THE THING THAT FELL FROM TRAITOR'S GATE
The Lady Lochinvar stood a moment still by the fire, listening, her hand raised as if to command silence. Then she ran to the door like a young lass, with a light foot and her hand on her heart. The steps came fainter up the stair, and in another moment we heard the clang of the outer door.
My lady turned to me.
"Have you your pistols by you?" she whispered in a hoarse and angry voice, clutching me by the lapels of my coat. "Go, man! Go, follow him! He rushes to his death. And he is all that I have. Go and save him!"
She that had fleeched with her son, like a dove succouring its young, laid harshly her commands upon me.
"I am no fighter, aunt," I said. "What protection can I be to Walter Gordon, the best sworder in Edinburgh town this night from Holyrood to the Castle?"
My lady looked about her as one that sees a stealthy enemy approach. Her hand trembled as she laid it on my arm.

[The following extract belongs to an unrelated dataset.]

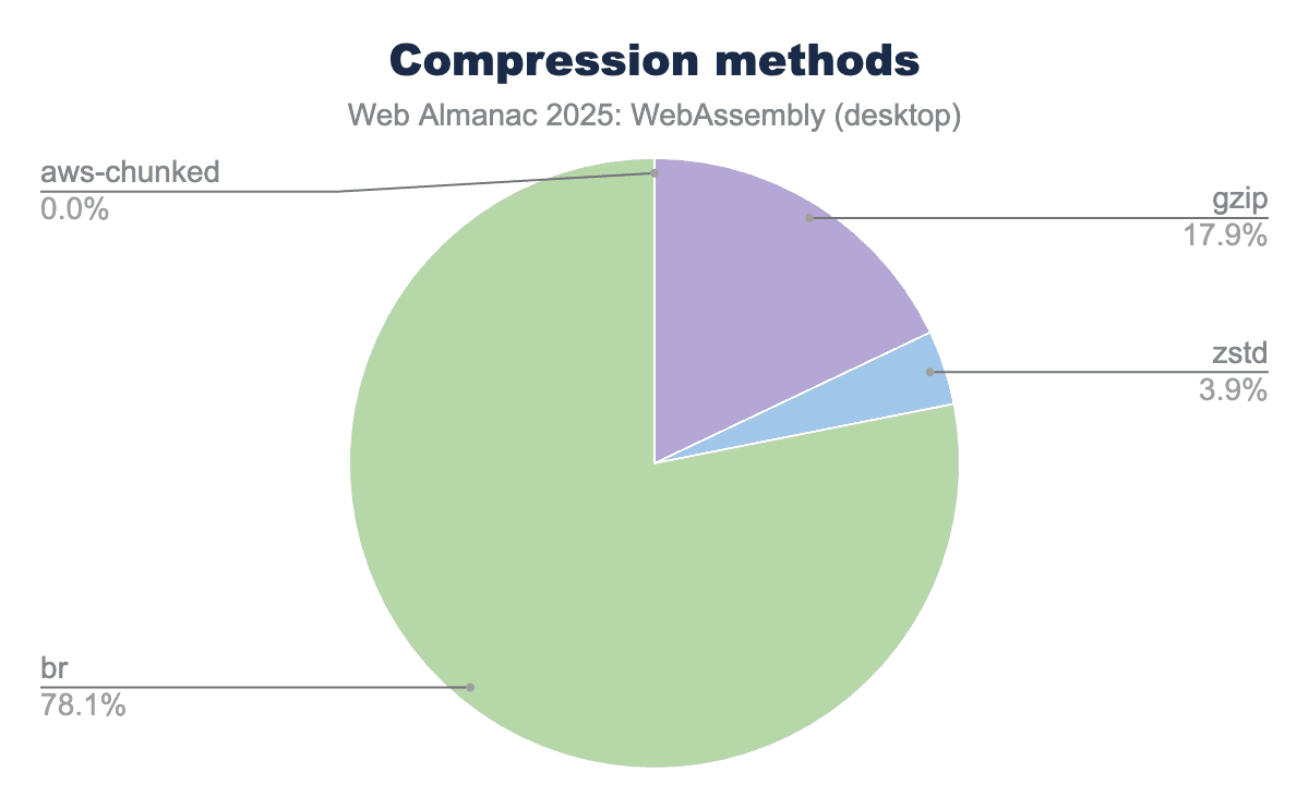 The above chart shows the size of response body size, It is often called as “raw response size” that measures only the raw, often decoded—the data payload that client received. It represents the size of the resource itself. However as per the research and common practices for Wasm deliverables, Wasm modules are compressed and optimized with various tools like Brotli and also transfered over network to the client with compression methods like gzip, br, zstd along with Content-Encoding headers.

"What avails good swordsmanship, when one comes behind and one before, as in my dream I saw them do upon my Walter, out of the house of my Lord Wellwood. They came upon him and left him lying on the snow. – Ah, go, dear cousin William!" she said, breaking into a sharp cry of entreaty lest I should fail her. "It is you that can save him. But let him not see you follow, or it will make him more bitter against me. For if you cannot play with the sword, you can shoot with the pistol; so I have heard, and they tell me that no one can shoot so truly as thou. They would not let thee shoot at Kirkcudbright for the Siller Gun though thou art a burgess, because it were no fair game. Is it not true?"
And so she stroked and cuitled me with flattery till I declare I purred like our Gib cat. I had begun there and then to tell her of my prowess, but that she interrupted me.
"He goes toward the High Street. Hasten up the South Wynd, and you will overtake him yet ere he comes out upon the open road."
She thrust two pistols into my belt, which I laid aside again, having mine own more carefully primed with me, to the firing of which my hand was more accustomed – and that to a marksman is more than half the battle.
When I reached the street the wildness of the night justified my prophecy. The snow was falling athwart the town in broad wet flakes, driving flat against the face with a splash, before a gusty westerly wind that roared among the tall lums of the steep-gabled houses – a most uncomfortable night to run the risk of getting a dirk in one's ribs.
I saw my cousin before me, linking on carelessly through the snow with his cloak about his ears and his black-scabbard rapier swinging at his heels.
But I had to slink behind backs like a Holyrood dyvour– a bankrupt going to the Sanctuary, jooking and cowering craftily in the lee-side shadow of the houses. For though so wild a night, it was not very dark. There was a moon up there somewhere among the smother, though she could not get so much as her nose through the wrack of banked snow-cloud which was driving up from the west. Yet Wat could have seen me very black on the narrow strip of snow, had he ever once thought of looking over his shoulder.
But Wat the Wullcat of Lochinvar was not the one to look behind him when he strode on to keep tryst. I minded his bitter reckless words to his mother, "Heaven and hell shall not make me break my tryst to-night!" Now Heaven was shut out by the storm and the tall close-built houses, and Walter Gordon had an excellent chance of standing a bout with the other place.
No doubt my Lady Wellwood bided at the window and looked out for him to come to her through the snow. And I that had for common no thought of lass or lady, cannot say that I was without my own envying that the love of woman was not for me. Or so at least I thought at that time, even as I shielded my eyes under my bonnet and drave through the snow with the pistols loose in my belt. But Wat of Lochinvar walked defiantly through the black storm with a saucy swing in his carriage, light and careless, which I vouch drew my heart to him as if I had been a young girl. I had given ten years of my life if just so I could have taken the eyes of women.
As clear as if I had listened to the words, I could hear him saying over within himself the last sentence he had used in the controversy with his mother – "Heaven and hell shall not cause me to break my tryst to-night!"
Alack! poor lad, little understood he the resources of either. For he had yet to pass beneath Traitor's' Gate.
For once the narrow High Street of Edinburgh was clean and white – sheeted down in the clinging snow that would neither melt nor freeze, but only clung to every joint, jut, stoop, and step of the house-fronts, and clogged in lumps on the crockets of the roof. The wind wrestled and roared in great gusts overhead in the black, uncertain, tumultuous night. Then a calm would come, sudden as a curtain-drop in the play-house, and in the hush you could hear the snow sliddering down off the high-pitched roofs of tile. The light of the moon also came in varying wafts and flickers, as the wind blew the clouds alternately thicker and thinner across her face.